The output of class by an object is classified by a majority vote of its neighbors. The object is assigned by its k nearest neighbors. If k = 1, then the object is locating the nearest neighbour in instance space and labelling the unknown instance with the same class label as that of the located (known) neighbour. A higher value of k results in a smoother, less locally sensitive function.
Support Vector Machine Algorithm
SVM is a powerful approach for pattern recognition especially for high dimensional, nonlinear problems. SVM has achieved better classification results in mental task and cognitive task classifications.
Recent developments on SVM have shown the need to consider multiple kernels. This provides flexibility and reflects the fact that typical learning problems often involve multiple, heterogeneous data sources. For appropriately designed kernels, the optimized combination weights can be used to understand which features are important for a specific recognition problem.
In this project, we applied the MKL-SVM algorithm to the classifications of mental task and cognitive task EEG signals.
It maps the input patterns into a higher dimension feature space through some nonlinear mapping where a linear decision surface is then constructed. In SVM, a kernel function implicitly maps samples to a feature space given by a feature mapping. Since there are different kernel types, it is often unclear what the most suitable kernel for a task at hand is, and hence the user may wish to combine several possible kernels. It is thus desirable to use an optimized kernel function that can fit the data structure well.
Discriminant analysis and SVMs have been used successfully in different MI-based Brain Computer Interface applications as they present an excellent empirical performance.
In SVM algorithms, the number of parameters that must be used is related to the number of training objects instead of the number of attributes.
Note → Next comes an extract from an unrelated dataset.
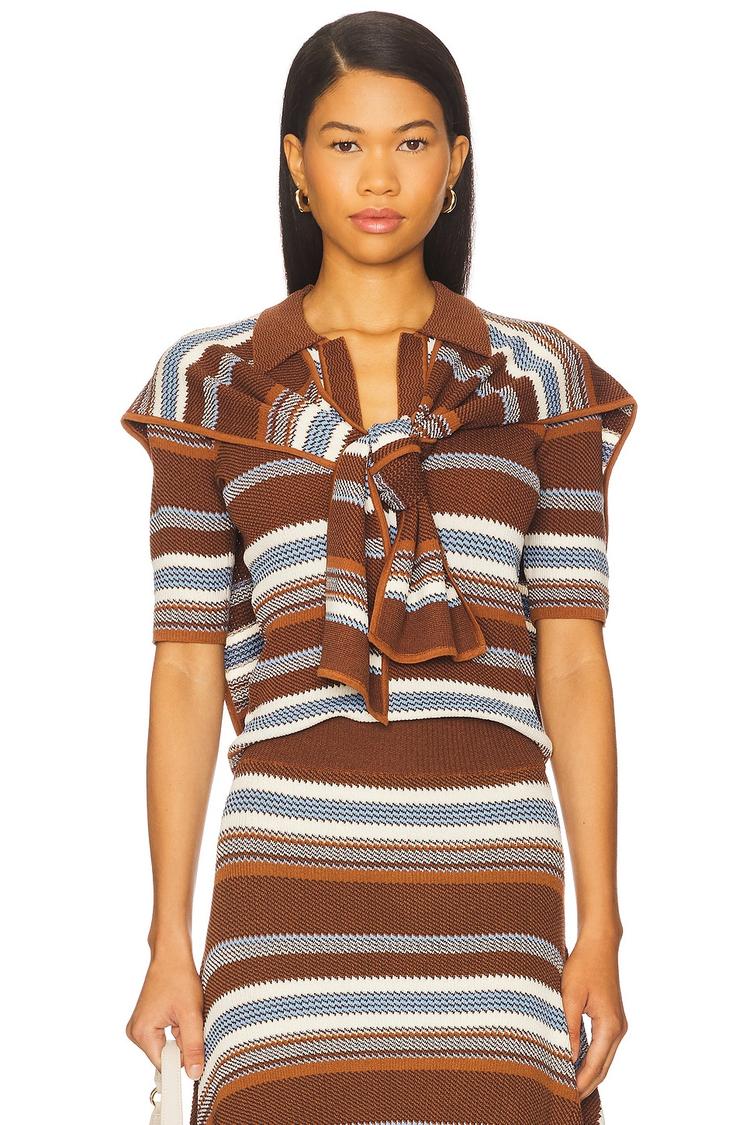 Richly textured in heavyweight knit fabric, this striped jacquard shell top features a flattering V-neck and elbow-length sleeves for a modern, fitted silhouette. The classic brown base is accented with white, blue, and gray stripes, offering a timeless palette ideal for autumn and winter. Ribbed trims add subtle detailing, while the pullover design ensures easy wear. Versatile for casual days, workwear, or weekend brunches, it also comes with an optional scarf for an elevated styling option. Embrace comfort and refined style with this minimalist knit piece.

In addition, to avoid the problem of overfitting the classifier and to reduce the sensitivity regarding the selection of training and testing sets, a cross-validation technique is needed.
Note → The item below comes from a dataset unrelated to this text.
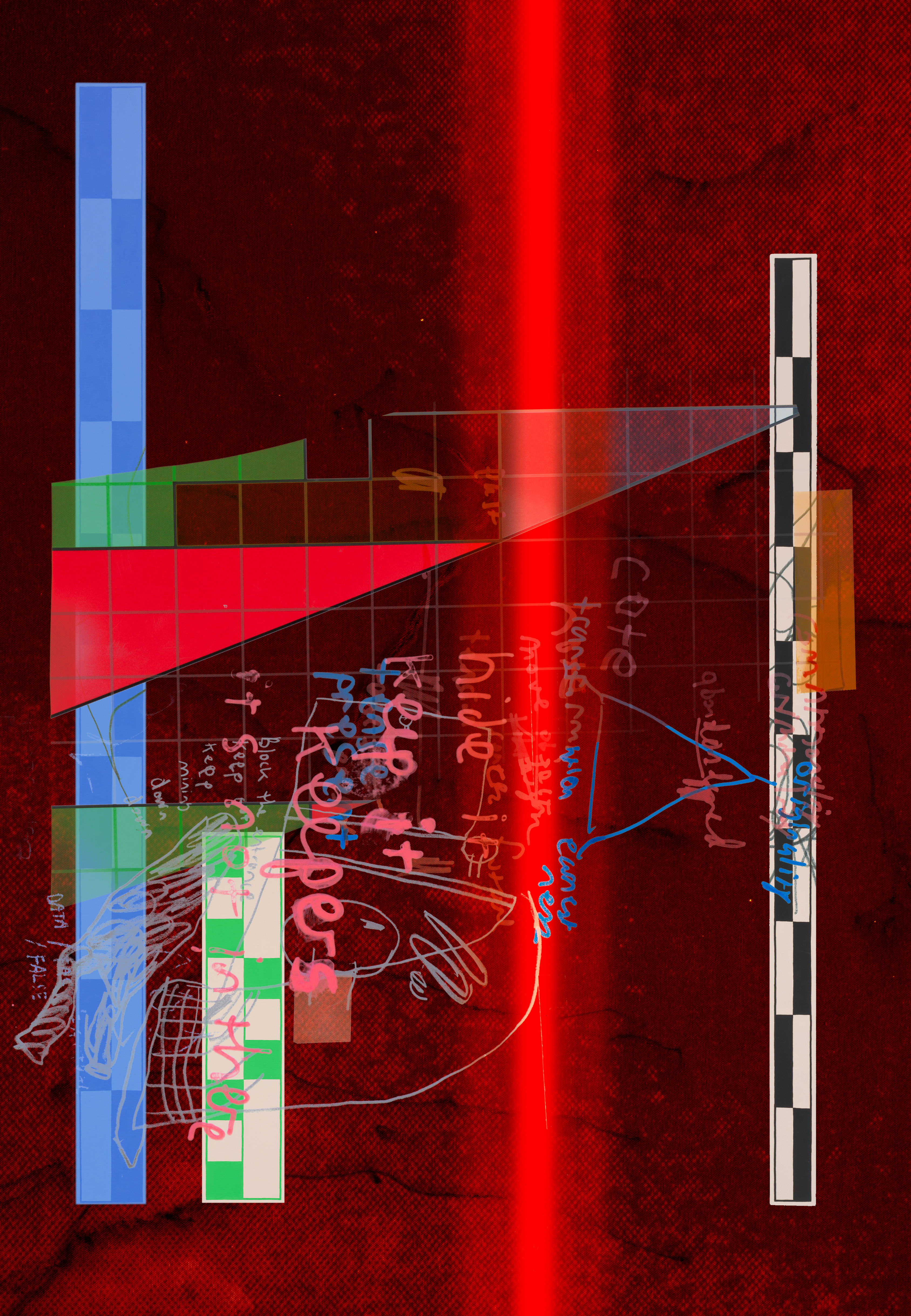 Shockline marks the debut of Horowitz’s digital paintings — an electrified translation of his physical practice into digital form for the first time. These hybrid works combine oil paintings, drawings, and customized checkered registers — adapted from archaeological scales and reimagined as recurring devices in his practice — with scanned and photographed material and virtual brushwork. In digital space, the compositions achieve an almost impossible possible, moving with a speed and fluidity resistant to physical media. They radiate propulsion, urging the viewer forward, while extending Horowitz’s long-standing interest in cross-media translation and retaining the improvisational edge and conceptual wit that have defined his work from hCoin in 2015 to his Nouns DAO–funded film.

Independent component analysis (ICA) is a kind of blind source separation technique that extracts statistically independent sources called independent components from a set of recorded signals.
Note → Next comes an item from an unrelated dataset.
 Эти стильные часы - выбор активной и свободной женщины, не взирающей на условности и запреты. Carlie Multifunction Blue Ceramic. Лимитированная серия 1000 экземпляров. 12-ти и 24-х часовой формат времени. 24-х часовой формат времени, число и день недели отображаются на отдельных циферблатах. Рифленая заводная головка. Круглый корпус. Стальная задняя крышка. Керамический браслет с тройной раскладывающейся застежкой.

Empirical model decomposition (OEMD) is a self-adaptive signal processing and data driven method. Compared with classical time-frequency analysis methods, such as short time Fourier transform (STFT) and wavelet, it is based on the local characteristic time scales of a signal and could decompose the signal into a set of complete orthogonal components called intrinsic mode functions (IMFs) which are determined by the signal itself without prior knowledge about the signal.
RESULTS
The results obtained are encouraging. Without even using a recurrent neural network (which is the next logical step), the CNN is able to correctly classify the test subject’s brain-state about 8.5 times out of 10.
This is likely high enough to enable a new level of performance with brain-computer interface (BCI) technologies.
However, the best results were obtained when the network was trained on samples from the same recording session. While this may be practical for basic brain research, it would be less practical for use in BCI technology.
The results obtained suggest that while EEG signals do indeed generalize between individuals, there are still significant variations between individuals, which is an unsurprising finding.
This further suggests that using EEG for BCI will likely require an iterative approach of training on a large population and then fine tuning on a specific individual. It is therefore recommended that future research be done on the possible application of Transfer Learning techniques to the classification of EEG signals.
Technology Used:
Technologies used will be as follows:
1.Intel Optimized Python
2.Intel Optimized TensorFlow.
3.Scikit-Learn implementation for K-NNs and SVM
4.OpenVINO toolkit
5.Final prototype will be deployed on Intel Movidius to make it portable and affordable.